Thursday 6 November 2014

vulnerability= hurt

Isn’t that what we see in our minds when we think of vulnerability? Trust me you’re talking to an expert that knows too much about that combination. I do mean experiential not just expert knowledge. I cannot tell you how fearful I have been to let down my guard many times. I’m sure I’ve missed out on potentially great friendships or business relationships, simply because I wouldn’t let anyone in. Something had to change within me. Can you relate?

How often do we desire the need to find just that ONE somebody who we can confide or trust in? We desire it often and truth is we need it often. However, when trusting the “wrong” person to share our deepest pains or secrets goes awry, we are left with the emotional bruising that no one can see unless we roll up our emotional sleeves to see the dark marks the experience has left on us. Here are 4 principles we can do to assure that we trust the right people to handle the very treasures of our being:

1. Pray- Ask God to show you who you can and cannot trust.

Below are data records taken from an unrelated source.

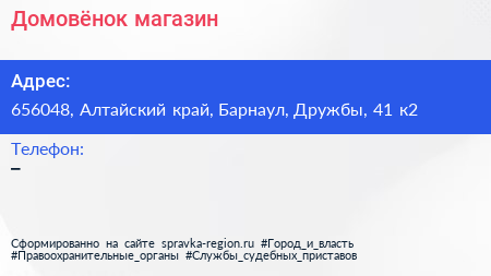 Домовёнок, магазин по адресу 656048, Алтайский край, Барнаул, Дружбы, 41 к2 в дальнейшем Организация, размещена в следующих категориях: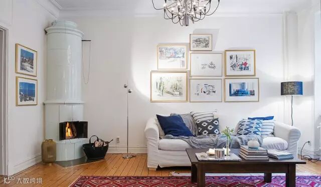 ▲靠近墙角处放一个壁炉,很有情调;墙上的装饰画清新自然,与沙发正好形成相映,最喜欢那个蓝色的落地灯,显出独特的格调。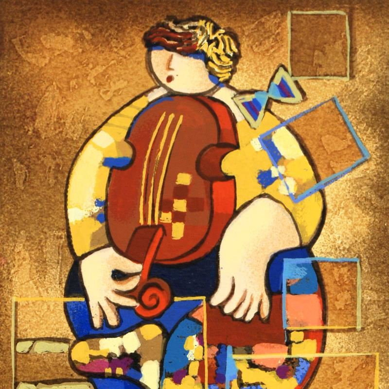 "Merry Violin" is a limited edition serigraph on paper by Dorit Levi, numbered and hand signed by the artist. Includes Certificate of Authenticity. Measures approx. 7.5" x 10" (border), 5.5" x 8.5" (image).

You know that “feeling” you get when you get around certain people? That’s called discernment. The Holy Spirit gives us the ability to discern what or who is true or not. He will lead us into ALL truth. Discern if that person is truly a person of character. Do they talk to you about other people ALL the time? Hmm. Chances are when you’re not around; your name will roll right off their tongue as well. (Read John 16:13)

2. Ask God to Heal Your Heart- In order for us to experience trust again, we need to make sure we have healed from our past experience. You can’t allow anything “new” in your life if your “old” hurts still exist. God is a healer and will continue His healing work in your life to make those emotional bruises disappear. Continue to cast your cares and pains onto Him. (Read Luke 5:37 & 1 Peter 5:7)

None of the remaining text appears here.